----- MATERIAL SHOWN -----
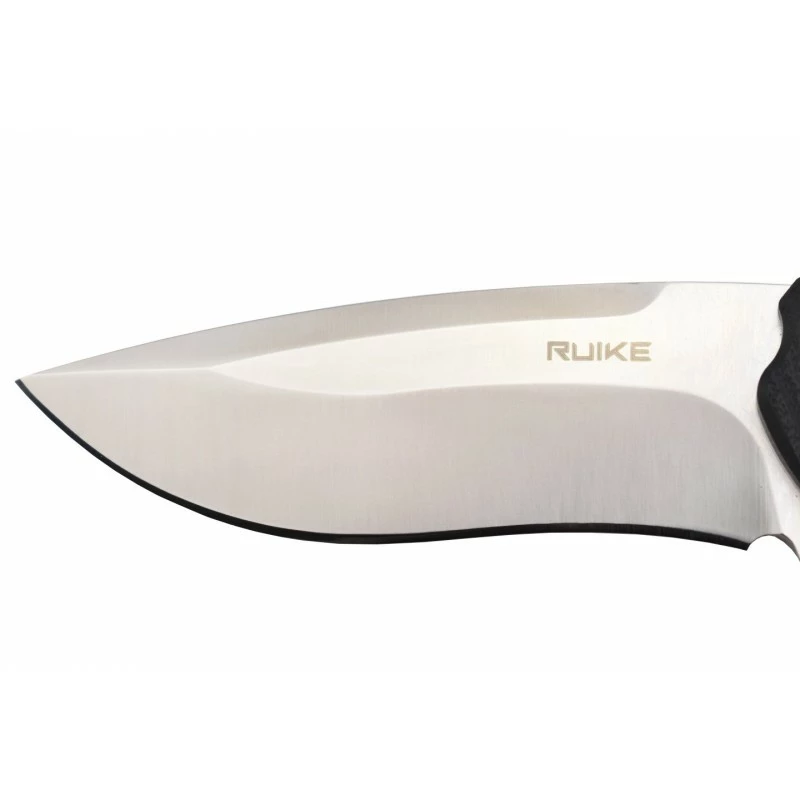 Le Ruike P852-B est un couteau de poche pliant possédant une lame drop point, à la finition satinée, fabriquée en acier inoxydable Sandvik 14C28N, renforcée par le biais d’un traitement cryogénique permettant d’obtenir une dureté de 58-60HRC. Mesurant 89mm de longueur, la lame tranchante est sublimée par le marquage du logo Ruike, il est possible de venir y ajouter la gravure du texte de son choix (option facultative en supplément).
-----
----- MATERIAL SHOWN -----
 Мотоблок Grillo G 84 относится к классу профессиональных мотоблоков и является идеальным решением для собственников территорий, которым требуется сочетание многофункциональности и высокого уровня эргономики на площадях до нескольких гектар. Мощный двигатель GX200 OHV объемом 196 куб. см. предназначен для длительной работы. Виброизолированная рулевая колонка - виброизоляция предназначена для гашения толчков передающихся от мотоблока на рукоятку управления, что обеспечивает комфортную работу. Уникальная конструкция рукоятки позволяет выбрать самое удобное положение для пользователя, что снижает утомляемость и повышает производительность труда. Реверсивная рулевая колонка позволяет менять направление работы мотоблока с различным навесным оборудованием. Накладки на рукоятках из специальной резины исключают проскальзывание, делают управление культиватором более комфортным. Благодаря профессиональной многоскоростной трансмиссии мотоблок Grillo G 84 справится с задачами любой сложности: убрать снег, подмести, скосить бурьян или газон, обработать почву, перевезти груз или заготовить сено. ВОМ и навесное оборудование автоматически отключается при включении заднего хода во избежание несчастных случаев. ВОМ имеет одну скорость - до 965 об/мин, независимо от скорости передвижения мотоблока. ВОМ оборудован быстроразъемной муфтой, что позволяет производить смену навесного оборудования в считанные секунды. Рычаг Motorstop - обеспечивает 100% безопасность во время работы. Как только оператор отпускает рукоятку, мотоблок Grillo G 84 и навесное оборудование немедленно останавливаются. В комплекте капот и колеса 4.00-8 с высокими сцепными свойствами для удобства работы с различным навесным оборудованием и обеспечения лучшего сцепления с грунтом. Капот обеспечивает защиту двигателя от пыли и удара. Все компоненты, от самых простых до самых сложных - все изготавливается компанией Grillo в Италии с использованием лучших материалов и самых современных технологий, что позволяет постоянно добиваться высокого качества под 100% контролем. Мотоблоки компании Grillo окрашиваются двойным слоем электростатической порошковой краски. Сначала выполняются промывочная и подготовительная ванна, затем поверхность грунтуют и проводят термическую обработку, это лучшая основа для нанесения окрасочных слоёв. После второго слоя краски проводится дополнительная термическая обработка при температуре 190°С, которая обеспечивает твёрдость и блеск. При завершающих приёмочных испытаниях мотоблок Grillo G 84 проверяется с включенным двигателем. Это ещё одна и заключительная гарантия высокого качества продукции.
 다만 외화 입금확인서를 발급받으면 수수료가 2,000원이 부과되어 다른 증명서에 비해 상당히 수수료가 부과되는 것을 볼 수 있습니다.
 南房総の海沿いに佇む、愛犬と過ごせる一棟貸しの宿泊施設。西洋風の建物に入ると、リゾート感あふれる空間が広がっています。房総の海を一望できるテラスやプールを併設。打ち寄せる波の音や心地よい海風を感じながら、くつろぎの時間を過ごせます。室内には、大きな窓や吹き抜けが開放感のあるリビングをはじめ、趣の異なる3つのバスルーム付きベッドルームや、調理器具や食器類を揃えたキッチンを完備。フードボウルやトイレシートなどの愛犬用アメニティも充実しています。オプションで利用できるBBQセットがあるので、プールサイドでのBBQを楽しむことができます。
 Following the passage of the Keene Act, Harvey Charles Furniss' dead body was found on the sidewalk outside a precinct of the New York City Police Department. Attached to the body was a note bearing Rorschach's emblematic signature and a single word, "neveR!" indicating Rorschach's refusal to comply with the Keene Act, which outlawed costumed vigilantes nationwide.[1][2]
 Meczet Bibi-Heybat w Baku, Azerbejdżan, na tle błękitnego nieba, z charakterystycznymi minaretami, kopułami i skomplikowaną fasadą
-----
----- MATERIAL SHOWN -----
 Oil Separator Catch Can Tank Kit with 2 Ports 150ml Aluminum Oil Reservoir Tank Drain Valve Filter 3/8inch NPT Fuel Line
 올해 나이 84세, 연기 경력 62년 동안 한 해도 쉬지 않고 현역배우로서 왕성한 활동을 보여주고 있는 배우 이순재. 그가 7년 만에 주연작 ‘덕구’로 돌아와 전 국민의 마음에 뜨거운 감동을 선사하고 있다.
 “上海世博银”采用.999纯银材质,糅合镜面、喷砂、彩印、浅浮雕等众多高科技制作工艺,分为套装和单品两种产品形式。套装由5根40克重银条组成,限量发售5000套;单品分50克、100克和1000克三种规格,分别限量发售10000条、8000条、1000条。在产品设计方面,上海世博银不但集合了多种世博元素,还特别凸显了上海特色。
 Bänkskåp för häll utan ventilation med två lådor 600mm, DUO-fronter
-----
Your task is to transcribe, with no changes, only the lines of the listing above that lie between the line holding "올해 나이 84세, 연기" and the line holding "Bänkskåp för häll", inclusive.

 올해 나이 84세, 연기 경력 62년 동안 한 해도 쉬지 않고 현역배우로서 왕성한 활동을 보여주고 있는 배우 이순재. 그가 7년 만에 주연작 ‘덕구’로 돌아와 전 국민의 마음에 뜨거운 감동을 선사하고 있다.
 “上海世博银”采用.999纯银材质,糅合镜面、喷砂、彩印、浅浮雕等众多高科技制作工艺,分为套装和单品两种产品形式。套装由5根40克重银条组成,限量发售5000套;单品分50克、100克和1000克三种规格,分别限量发售10000条、8000条、1000条。在产品设计方面,上海世博银不但集合了多种世博元素,还特别凸显了上海特色。
 Bänkskåp för häll utan ventilation med två lådor 600mm, DUO-fronter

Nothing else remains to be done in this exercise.